Pakistani nonprofit organisation for mentally and physically disabled athletes

Special Olympics Pakistan is an officially recognised program of Special Olympics International, operating as a Nonprofit organisation in Pakistan. It supports individuals with intellectual disabilities by promoting their development and inclusion through participation in sports.

== History ==
Special Olympics is an international nonprofit organisation dedicated to empowering individuals with intellectual disabilities to become fit, productive and respected members of the society through sports training and competition. Founded in 1968 by Eunice Kennedy Shriver, Special Olympics provides year-round sports training and competition to 2.5 million adults and children with intellectual disabilities across 180 countries.
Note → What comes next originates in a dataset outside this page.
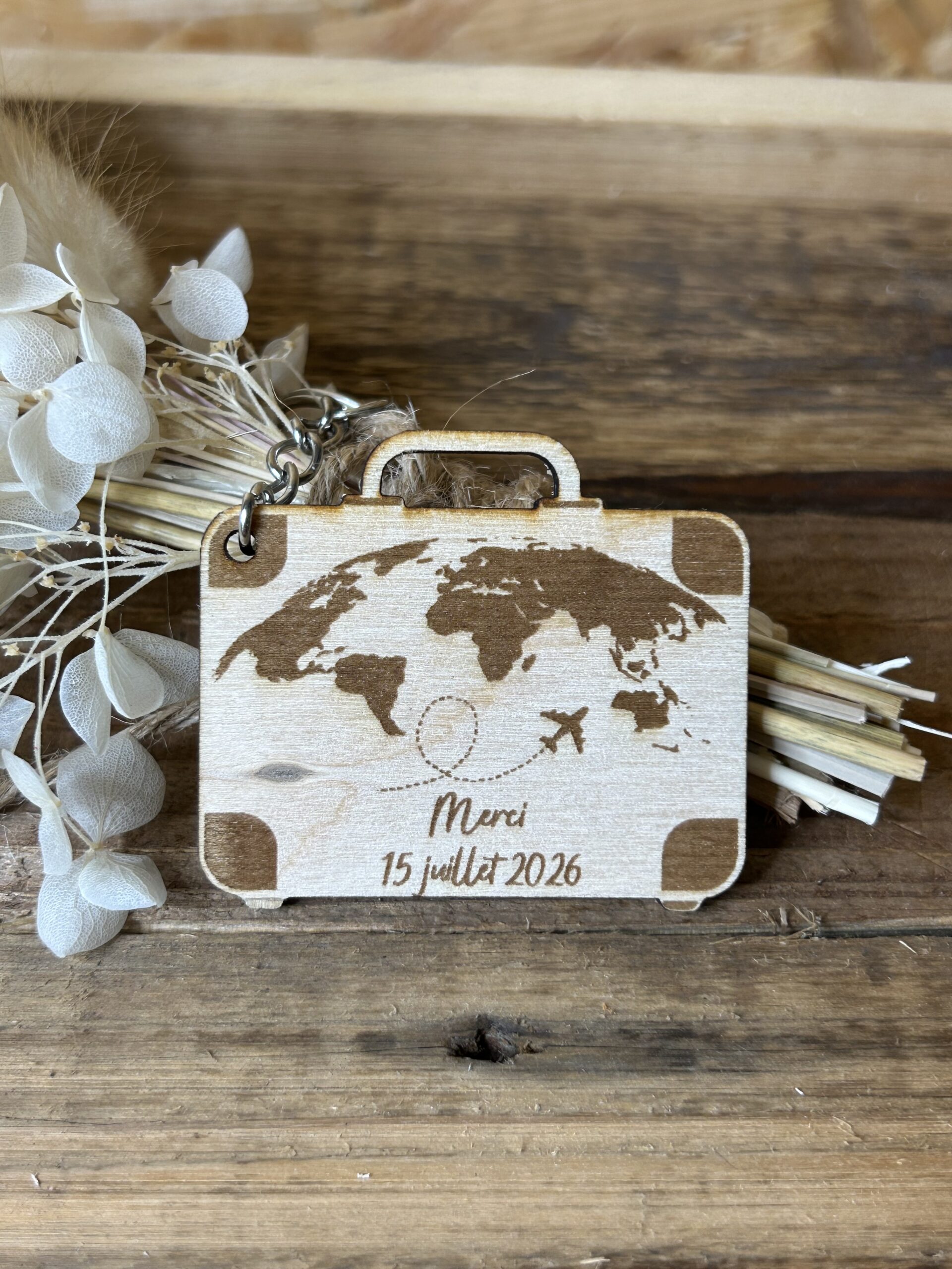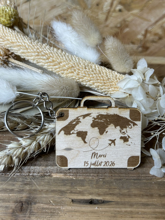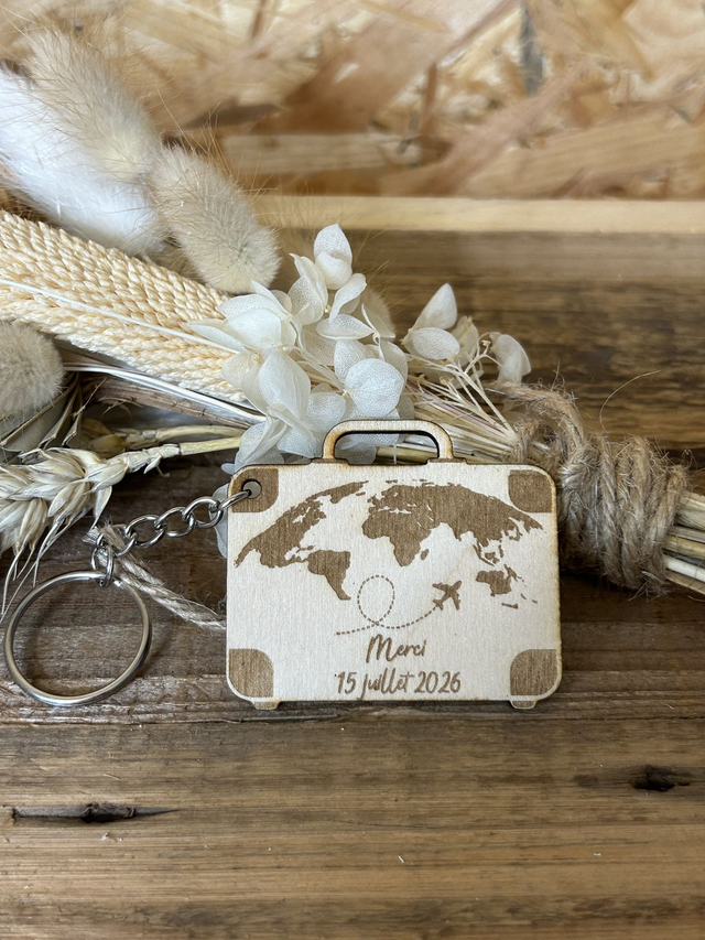 Offrez à vos proches un souvenir gravé de votre grand jour avec ce charmant porte-clés en bois, personnalisé avec vos prénoms et la date de votre mariage.

Special Olympics Pakistan was established 1989 with around 20 registered athletes. The organization now has over 28,500 registered athletes, over 750 coaches and over 3,000 volunteers with more than 320 competitions held by 2018.

== Sports ==
Special Olympics Pakistan provides sports training and held Olympic styple competitions in 11 summer sports and 3 winter sports.
=== Summer Sports ===
- Aquatics
- Athletics
- Badminton
- Basketball
- Cricket
- Football
- Cycling
- Powerlifting
- Tennis
- Table Tennis
- Bocce

=== Winter Sports ===
- Cross-country skiing
- Floorball
- Snowshoeing

== Oath ==
Let me win- but if I cannot win, let me be brave in the attempt.

== Support ==
Annual Fundraising Gala is held and is one of the main sources of income along with donations and sponsorships.

== International Events participated in ==
- -Summer World Games 1991-Minnesota USA-16 Athletes.
- -World Games 1995- Connecticut, USA-26 Athletes.
- -First Asia Pacific Games 1996- Shanghai, China- 14 athletes.
- -World Games 1999- North Carolina, USA- 40 athletes.
- -World Games 2003- Dublin, Ireland -60 athletes.
- -Asia Pacific Cricket Tournament 2004- Ahmedabad, India- 14 athletes.
- -Ludhiana Games 2005- Ludhiana India- 46 athletes.
- -Delhi Games 2005- Delhi, India- 10 athletes.
- -China Invitation Games 2006- Shanghai, China- 10 athletes.
- -Special Olympics Cricket World Cup Tournament 2006- Mumbai, India- 44 athletes.
- -Special Olympics World Summer Game in Shanghai China 2007- 65 athletes.
- -Asia Pacific Bocce Competition 2008, Brunei Darussalam- 4 Athletes.
- -Ludhiana Games 2008- Ludhiana, India- 35 athletes.
- -Special Olympics Bharat International Cricket Carnival in Delhi, India 2009-14 athletes.
- -Special Olympics World Summer Games Athens, Greece 2011- 58 Athletes.
- -Special Olympics Asia Pacific Games; Newcastle, Australia 2013 -59 Athletes.
- -Special Olympics Asia Pacific Qualified of the 2014 Football Unified Cup, Bangkok Thailand 21 Athletes.